- [TASK ITEM] An exact copy is all that is wanted: the lines from the one with "본문 시작 홈으로 MCC" through the end of the listing below, both included, minus any pictures.

- [DATA BELOW]
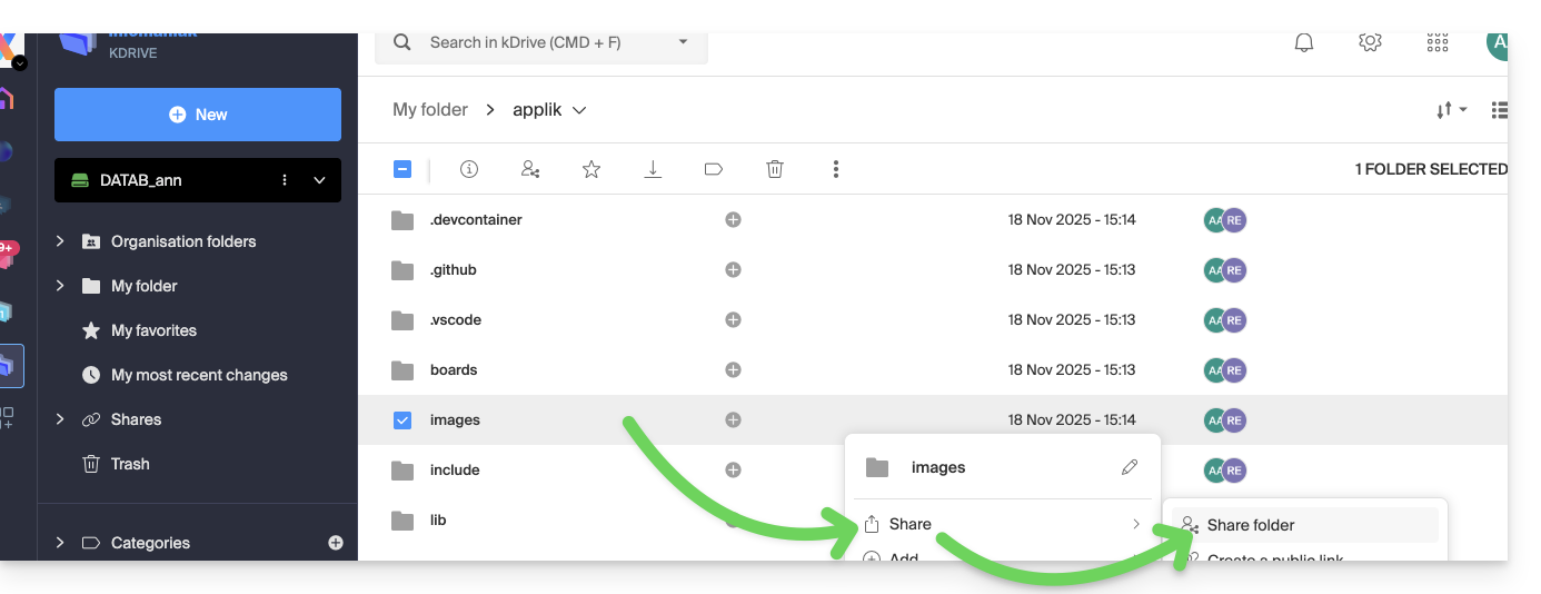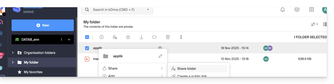 - Dans l’interface web kDrive, l'un des utilisateurs du kDrive fait un clic droit sur son dossier ou fichier à partager:
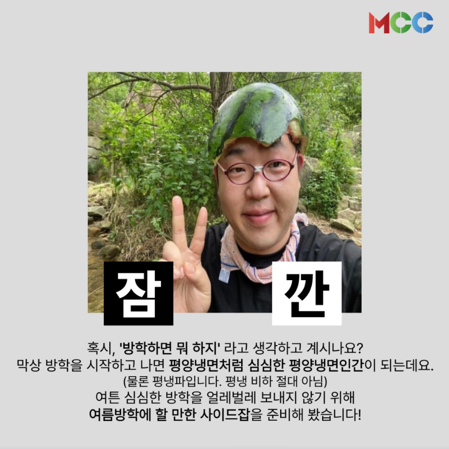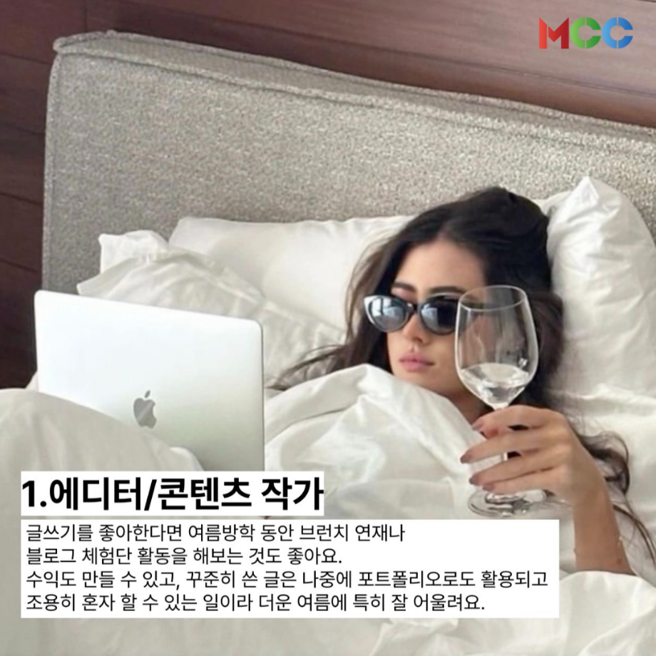 본문 시작 홈으로 MCC News 학과소개 교수소개 학과과정 MCC News MCC SNS 홈페이지가이드 미디어 정보통 학과 및 재학생 교수 및 졸업생 미디어 정보통 미디어 정보통 페이스북 트위터 프린트 ☀️“여름방학에 뭐 하지..?”☀️ 미디어콘텐츠창작학과 1263 2025-06-17 방학에 할 수 있는 사이드잡을 추천해드립니다!😎 1.에디터/콘텐츠 작가 2.썸네일•디자인 외주 3.영상 편집 & 자막 작업 4.온라인 서포터즈 & 대외활동 5.중고거래+스마트스토어 도전 자세한 내용은 @smu_mcc에서! 목록 이전2025 제천시 교육발전특구사업 다음 미콘창 학생들을 위한 자격증 추천 리스트⭐ 담당부서 : 미디어콘텐츠창작학과 담당자 : - 연락처 : 043-649-1741 최종수정일 : 2024-10-26 만족도조사 만족도 조사 이 페이지에서 제공하는 정보에 대하여 만족하시나요? 매우만족 만족 보통 불만족 매우불만족
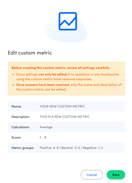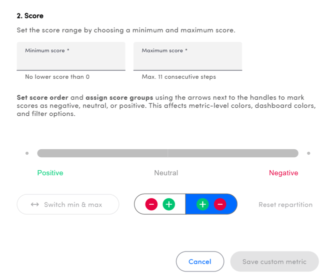 The score section (score range, score groups and soon the calculation method) can only be edited if there are no answers for the custom metric in any touchpoint

- [TASK RESULT]
 본문 시작 홈으로 MCC News 학과소개 교수소개 학과과정 MCC News MCC SNS 홈페이지가이드 미디어 정보통 학과 및 재학생 교수 및 졸업생 미디어 정보통 미디어 정보통 페이스북 트위터 프린트 ☀️“여름방학에 뭐 하지..?”☀️ 미디어콘텐츠창작학과 1263 2025-06-17 방학에 할 수 있는 사이드잡을 추천해드립니다!😎 1.에디터/콘텐츠 작가 2.썸네일•디자인 외주 3.영상 편집 & 자막 작업 4.온라인 서포터즈 & 대외활동 5.중고거래+스마트스토어 도전 자세한 내용은 @smu_mcc에서! 목록 이전2025 제천시 교육발전특구사업 다음 미콘창 학생들을 위한 자격증 추천 리스트⭐ 담당부서 : 미디어콘텐츠창작학과 담당자 : - 연락처 : 043-649-1741 최종수정일 : 2024-10-26 만족도조사 만족도 조사 이 페이지에서 제공하는 정보에 대하여 만족하시나요? 매우만족 만족 보통 불만족 매우불만족
 The score section (score range, score groups and soon the calculation method) can only be edited if there are no answers for the custom metric in any touchpoint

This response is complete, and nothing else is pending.